Inverter mini splits are sometimes inherently "soft start" requiring less of a starting wattage compared to running wattage. People install soft start systems to get "bigger" A/Cs or 2 roof A/C units to be powered by a smaller generator. Typically people like soft start so that they can get by on a 30 AMP service instead of 50 AMP or even get by with only having access to a 15 AMP household outlet because they are driveway surfing. This soft start concept also helps when trying to run only from batteries which may or may not be simultaneously being recharged by solar at a different rate, but the load requirement from an A/C running all day outstrips the other electricity requirements so much that most people don't even try to run A/C without a generator.
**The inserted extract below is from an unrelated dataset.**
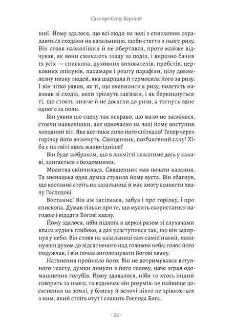 Роман шведської письменниці, лавреатки Нобелівської премії з літератури Сельми Лаґерлеф «Сага про Єсту Берлінґа», написаний у жанрі магічного реалізму, вважають одним із найхимерніших і водночас найулюбленіших творів Скандинавії. На тлі зимової краси Швеції розгортається історія Єсти Берлінґа — безхатька, жебрака і священника, позбавленого сану за пияцтво, врятованого від смерті власною зухвалістю, схильністю до авантюр і однією випадковою зустріччю.
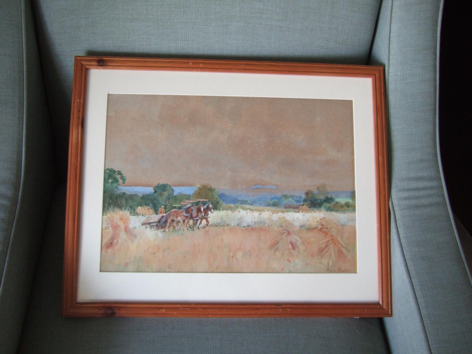 Alice Fowler 1861-1949 Watercolour of Harvesting with a Team of Horses (1 of 3)

The people on youtube installing a mini split on a bus typically do some bracket fabrication that is stronger than the equipment designed to just bolt to a stationary sticks and bricks house.

Trying to ensure that you have off-grid solar only A/C on a bus equivalent to the reliability of an on-grid sticks and bricks home is not really practical and not done in most of the builds I've seen online. Does being safe for a dog mean ensuring a consistent 70F temperature in the bus? Or is a higher temperature safe enough? Maybe a solution with 1 "under powered" A/C unit and then generator or shore hookup only A/C for actual comfortable temps.

Seems to me that the only thing a skoolie builder can do is to put as much A/C capacity as affordable and then make do with what you did by employing other tricks like cold mats or just ventilating instead of air conditioning, taking dogs with you, boarding etc...

The only time online I've seen a fully off grid powerful A/C is with a combination of ductless mini split and a nissan leaf battery pack and a roof entirely filled with solar panels front to back. Also, it seems to be VERY insulated, as well as an owner builder who comprehended and performed the complicated electrical combination of solar, electric car battery voltage, controllers, inverters, DC voltage converters, and wiring; The guy even put in a fire suppression setup in the electrical bays.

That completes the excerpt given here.